All of lore.kernel.org
 help / color / mirror / Atom feed
From: Ben Hutchings <ben@decadent.org.uk>
To: linux-kernel@vger.kernel.org, stable@vger.kernel.org
Cc: akpm@linux-foundation.org, alan@lxorguk.ukuu.org.uk,
	Eric Dumazet <edumazet@google.com>,
	Kiran Kumar Kella <kkiran@broadcom.com>,
	"David S. Miller" <davem@davemloft.net>
Subject: [ 40/49] tcp: implement RFC 5961 3.2
Date: Sun, 13 Jan 2013 17:43:35 +0000	[thread overview]
Message-ID: <20130113174304.168405660@decadent.org.uk> (raw)
In-Reply-To: <20130113174255.736888844@decadent.org.uk>

3.2-stable review patch.  If anyone has any objections, please let me know.

------------------

From: Eric Dumazet <edumazet@google.com>

[ Upstream commit 282f23c6ee343126156dd41218b22ece96d747e3 ]

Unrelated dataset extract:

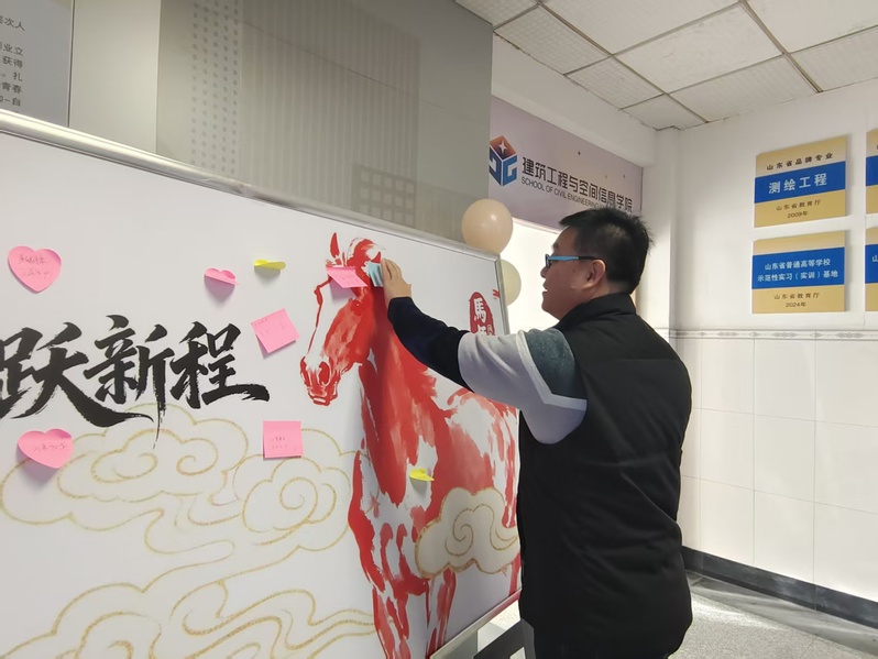 活动现场的布置充满新春暖意,吉祥标语点缀其间,特设的“新年寄语墙”上,一张张便签写满了老师们对新年的期许与祝福,传递着温暖与正能量。从测绘、地信、工管、土木等专业系部到行政岗位,不同岗位的教职工们组队参赛,在互动中增进了解,在协作中加深情谊。大家不分彼此、互相鼓劲,胜利时共同欢呼,失误时彼此安慰,生动诠释了公司教职工团结友爱、积极向上、乐于拼搏的良好精神风貌。

Implement the RFC 5691 mitigation against Blind
Reset attack using RST bit.

Idea is to validate incoming RST sequence,
to match RCV.NXT value, instead of previouly accepted
window : (RCV.NXT <= SEG.SEQ < RCV.NXT+RCV.WND)

If sequence is in window but not an exact match, send
a "challenge ACK", so that the other part can resend an
RST with the appropriate sequence.

Add a new sysctl, tcp_challenge_ack_limit, to limit
number of challenge ACK sent per second.

Add a new SNMP counter to count number of challenge acks sent.
(netstat -s | grep TCPChallengeACK)

Signed-off-by: Eric Dumazet <edumazet@google.com>
Cc: Kiran Kumar Kella <kkiran@broadcom.com>
Signed-off-by: David S. Miller <davem@davemloft.net>
Signed-off-by: Ben Hutchings <ben@decadent.org.uk>
---
 Documentation/networking/ip-sysctl.txt |  5 +++++
 include/linux/snmp.h                   |  1 +
 include/net/tcp.h                      |  1 +
 net/ipv4/proc.c                        |  1 +
 net/ipv4/sysctl_net_ipv4.c             |  7 +++++++
 net/ipv4/tcp_input.c                   | 31 ++++++++++++++++++++++++++++++-
 6 files changed, 45 insertions(+), 1 deletion(-)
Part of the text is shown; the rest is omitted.